Exercise prompt: Lines from the one with "WESTERLAND Sylt Kurpromenade" up to and including the one with "(2) 대량이체 서비스" are to be copied exactly from the records below, without their pictures.

Materials provided:
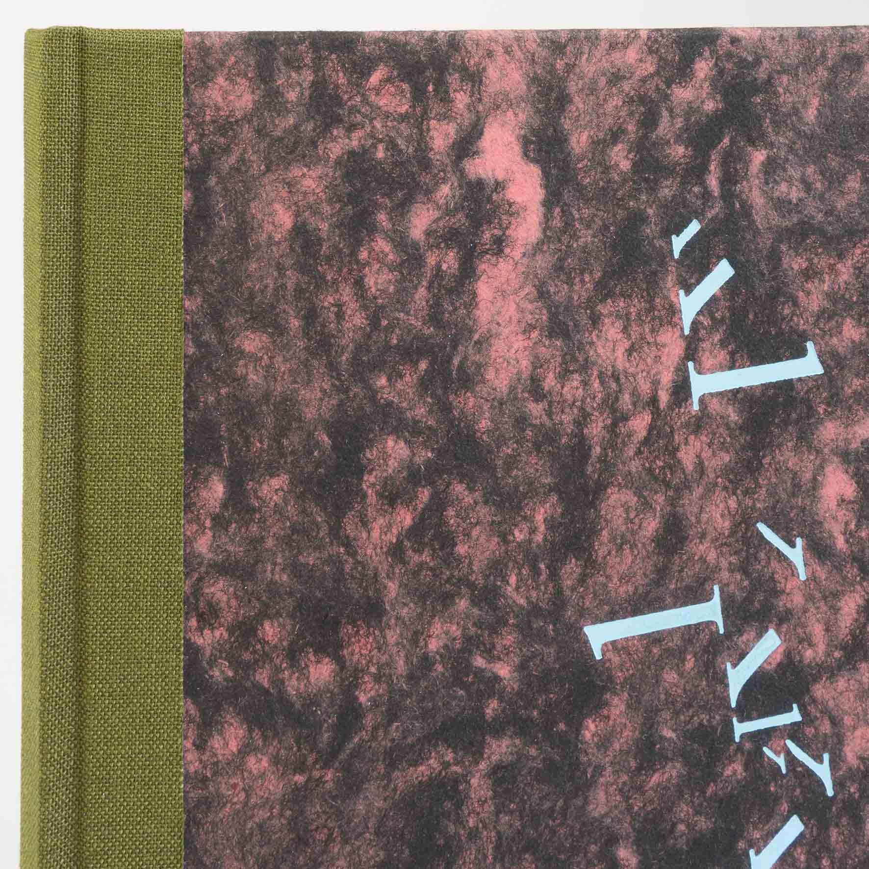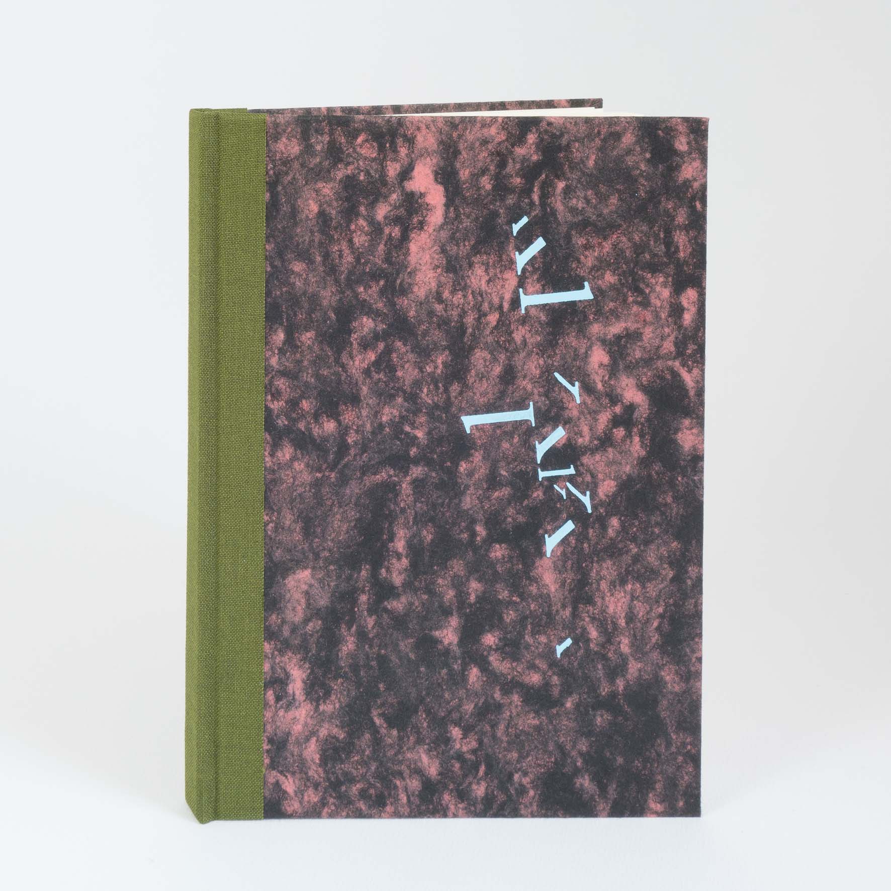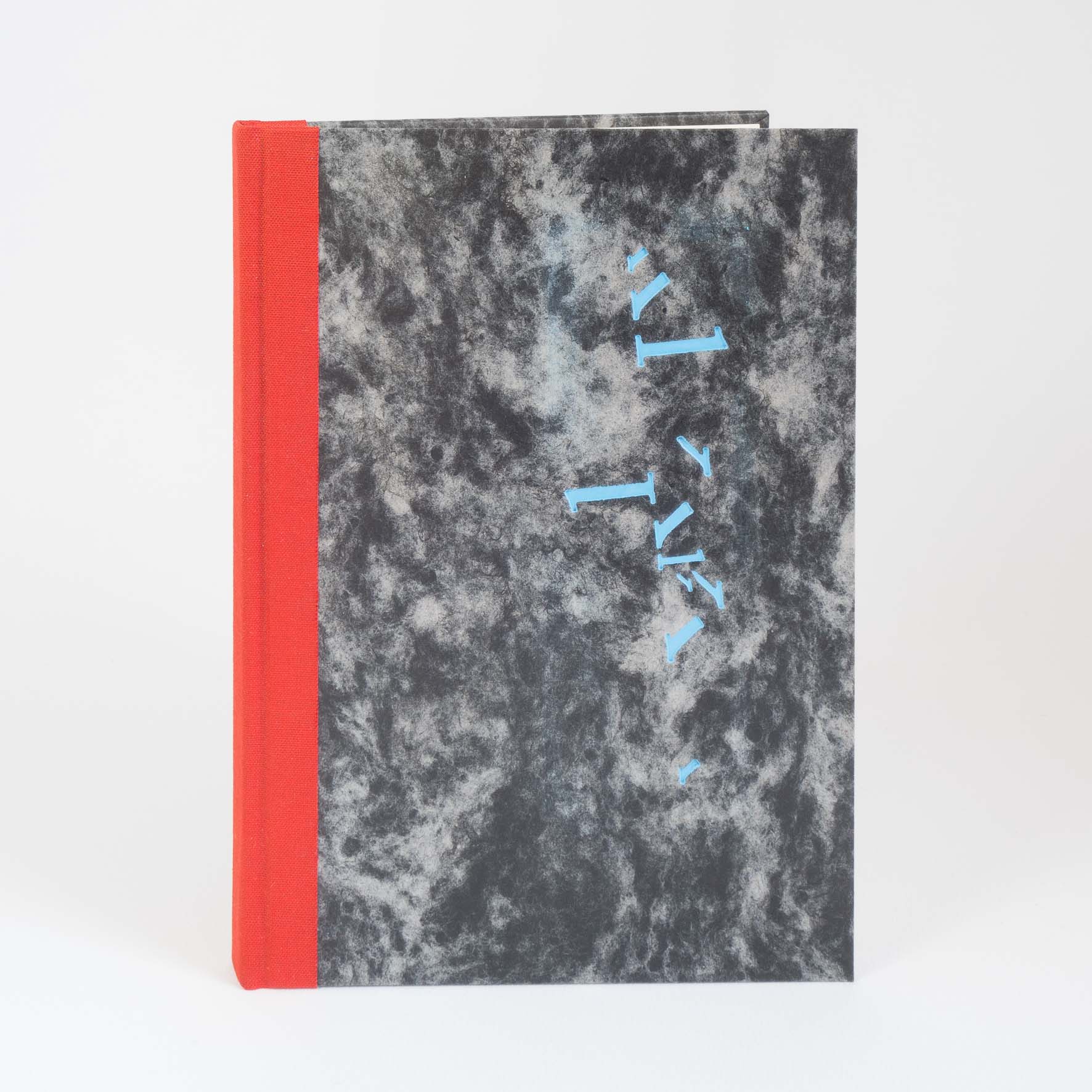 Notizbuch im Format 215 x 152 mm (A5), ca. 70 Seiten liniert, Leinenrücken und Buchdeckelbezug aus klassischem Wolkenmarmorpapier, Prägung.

--

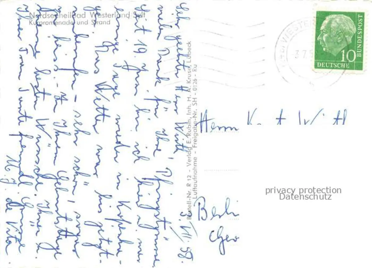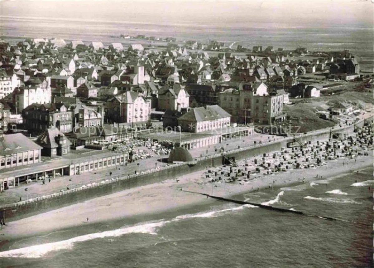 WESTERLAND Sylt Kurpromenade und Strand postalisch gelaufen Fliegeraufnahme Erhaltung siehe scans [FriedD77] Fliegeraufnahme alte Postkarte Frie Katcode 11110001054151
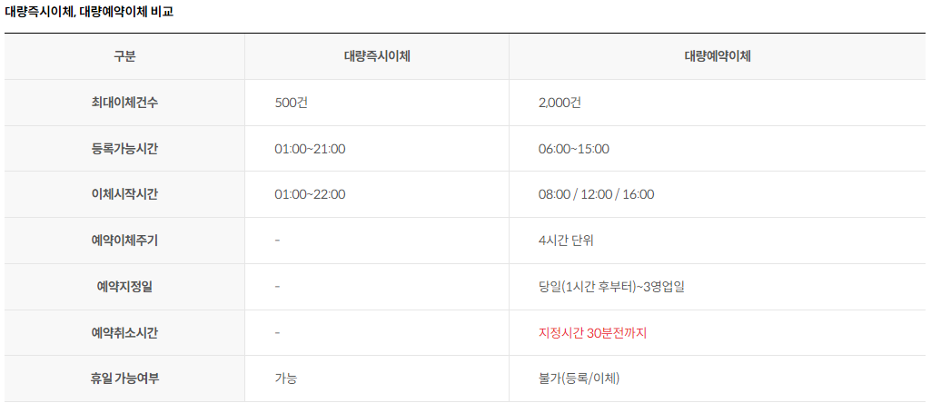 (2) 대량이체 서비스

Response to the exercise:
 WESTERLAND Sylt Kurpromenade und Strand postalisch gelaufen Fliegeraufnahme Erhaltung siehe scans [FriedD77] Fliegeraufnahme alte Postkarte Frie Katcode 11110001054151
 (2) 대량이체 서비스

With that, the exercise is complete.